Quelques commentaires le taxaient de canular, sans ajouter grand-chose d’autre. Pourtant, quelque chose me donna envie d’en savoir plus. Comme je l’ai dit, en dépit du fait que je suis têtu question affaires, je crois aux intuitions et à mon sixième sens : mon instinct n’a pas toujours raison, mais il a plus souvent raison que tort ; et je lui ai bien souvent été reconnaissant, mais jamais autant que dans ma quête de Jack l’Éventreur.

WTF ??

Ensuite, il nous parle de lui, de sa vie, de ses malheurs, de son enfance pas terrible, du fait qu’il ne connaissait rien de rien de celui qui fit de l’East End un lieu maudit… Ok, si l’auteur veut nous le faire croire, je vais jouer le jeu et croire.

Mais bon sang, on s’en fout, mec, de ta vie, de ton enfance et du fait que tu as réussi à réussir dans la vie ! Accouche, pousse, c’est un garçon !

De plus, l’usage d’un nègre littéraire n’aurait pas été du luxe car son style d’écriture est pauvre, lourd, surtout avec ses pavés de descriptions historiques et de détails scientifiques. Rien n’est bien construit.
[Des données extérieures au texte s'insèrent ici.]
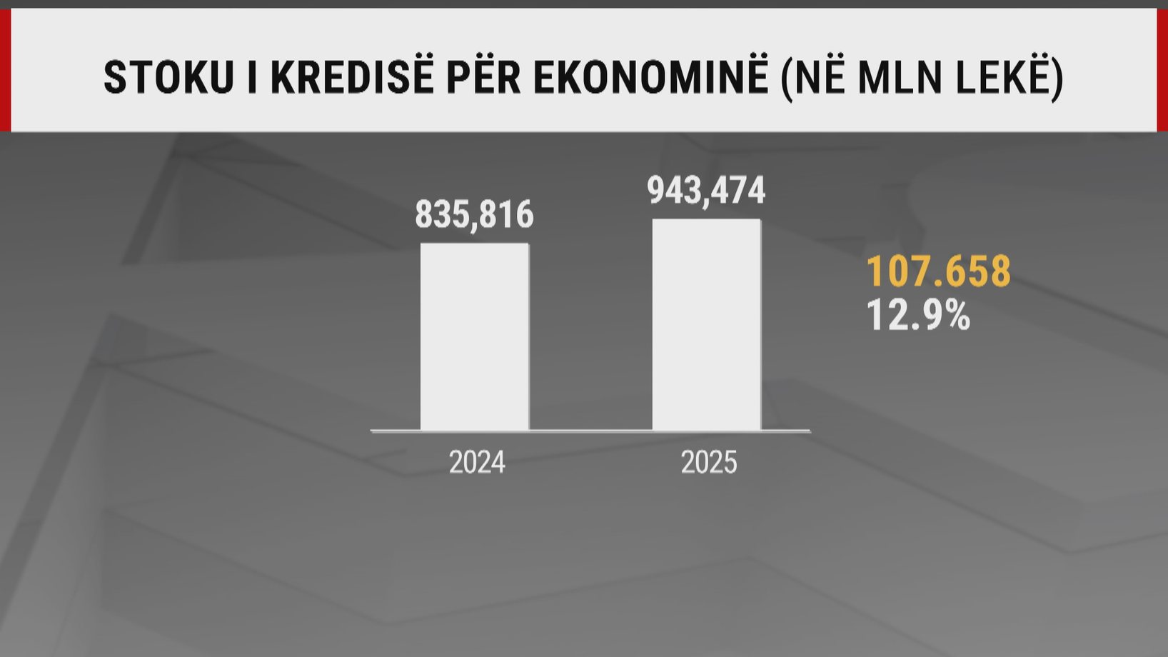 Të dhënat nga Banka Qendrore tregojnë se stoku total i kredisë së dhënë nga bankat deri në fund të vitit të shkuar kapi shifrën e 943.5 miliardë lekëve. Krahasuar me vitin 2024, totali i huave u zgjerua me 107.6 miliardë lekë apo 12.9 për qind.

Dans un style d’écriture super simpliste et super agaçant à lire durant certains passages, de plus, l’abus des mêmes tournures de phrase sur une même page peut s’avérer un brin chiant

On notera aussi que l’auteur ne se prend pas pour n’importe qui, faudra qu’il change de chemises, il a dû exploser ses cols à force de se faire gonfler le cou !

Ce fut l’un des instants les plus colossaux de ce voyage, quelque chose qui me fit réellement tituber de surprise. Je vérifiai, revérifiai, et revérifiai encore. Comment avais-je pu voir ça alors que tout le monde était passé à côté ?
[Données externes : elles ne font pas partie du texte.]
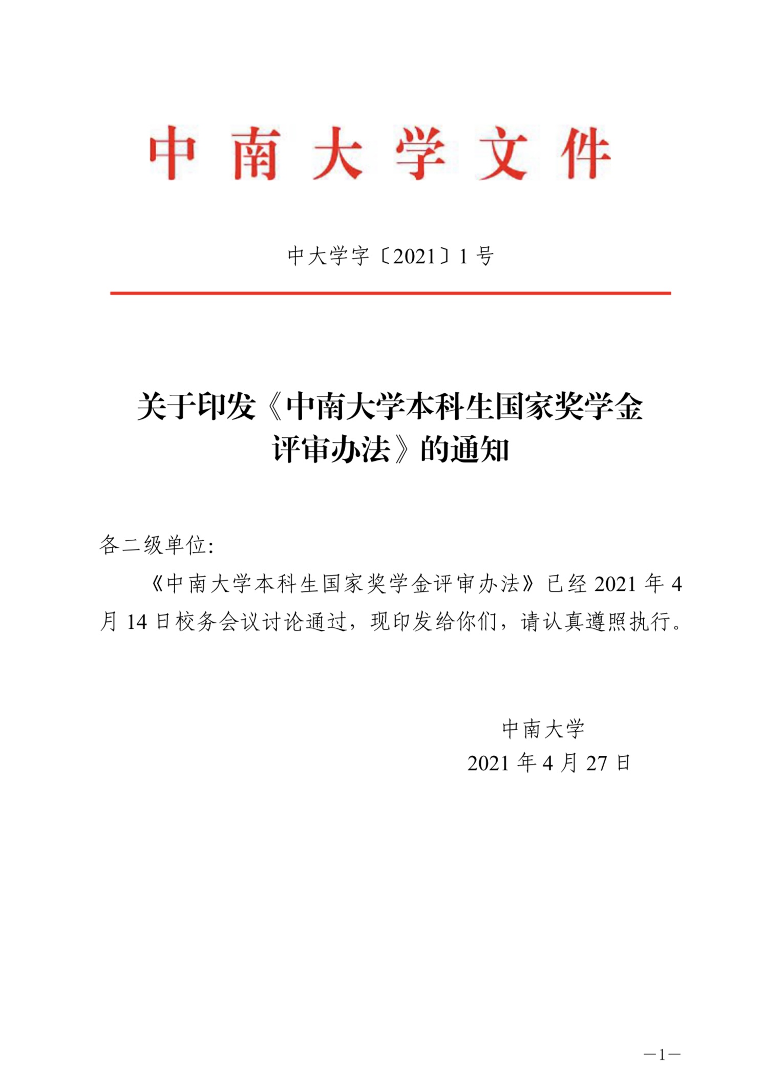 中南大學(xué)本科生國家助學(xué)金評審辦法

Les dates : quelque chose fait qu’elles ont toujours compté pour moi. Cela explique peut-être pourquoi moi, mais aucun autre chercheur passé avant, j’ai mis le doigt dessus.
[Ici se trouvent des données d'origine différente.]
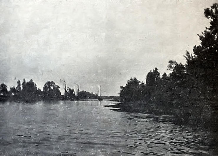 As águas corriam e cantavam por toda a parte em levadas rápidas; nas baixas do Antuã, entumescido e barrento,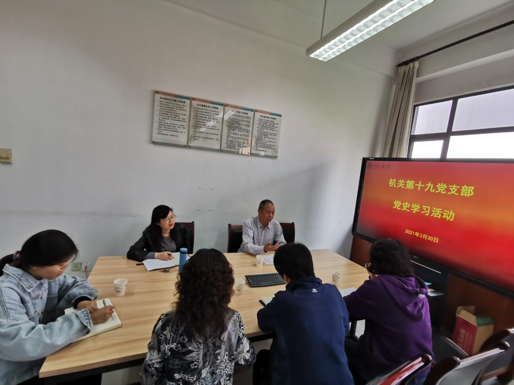 3月30日下午,机关党委第十九支部在厚德楼6009会议室召开了组织生活会,进行专题党史学习教育。会议由支部书记段远鹏同志主持。全体党员参加了学习。

À croire qu’il vient d’inventer le fil à couper le beurre tant il se prend pour LE gars qui vient de résoudre une des énigmes de la fin du 19ème siècle. Lui seul a su découvrir LA vérité, poils au nez.

Ensuite, il nous décrit la ville de Londres, ses taudis, ses immigrés, et toussa toussa, mais je n’ai pas vu à la fin du roman les références à tout ce qu’il nous a raconté (et qui était vrai). Il a pompé ces infos dans d’autres livres traitant de l’Éventreur, dans des livres historiques ou il a la science infuse ??

Notre auteur à la plume pas géniale retrace aussi longuement l’emploi du temps des victimes.

Il commence par la mort d’Emma Smith, agressée le 3 avril 1888, puis passe à Martha Tabram (7 août 1888), l’incluant dans les victimes de Jack (les ripperologues l’excluent) avant d’arriver à la première victime canonique, Mary Ann Nichols.

Si vous êtes un ou une habitué(e) des livres parlant de l’Éventreur, tout cela pourrait faire resucée mais je ne plaindrai pas, remettre les faits en place n’est jamais mauvais, et sans cela, le roman aurait été plus fin qu’un Harlequin…

Pareil ici, l’auteur ne cite toujours pas ses sources officielles, il parle juste de quelques trucs qu’il a lu dans les journaux de l’époque (sources pas toujours fiables !) ou dans le Police Gazette, mais pas de notes en fin d’ouvrage sur les sources plus « officielles ».

Lorsqu’il aborde le meurtre de Catherine Eddowes, on le sent déjà piaffer d’impatience de nous raconter ce qu’il savait du châle (de source pas sûre du tout et non répertorié dans les objets de la victime par les roussins) et que les autres savaient pas (♫ nananinanère) puisque c’est par ce châle que la lumière fut.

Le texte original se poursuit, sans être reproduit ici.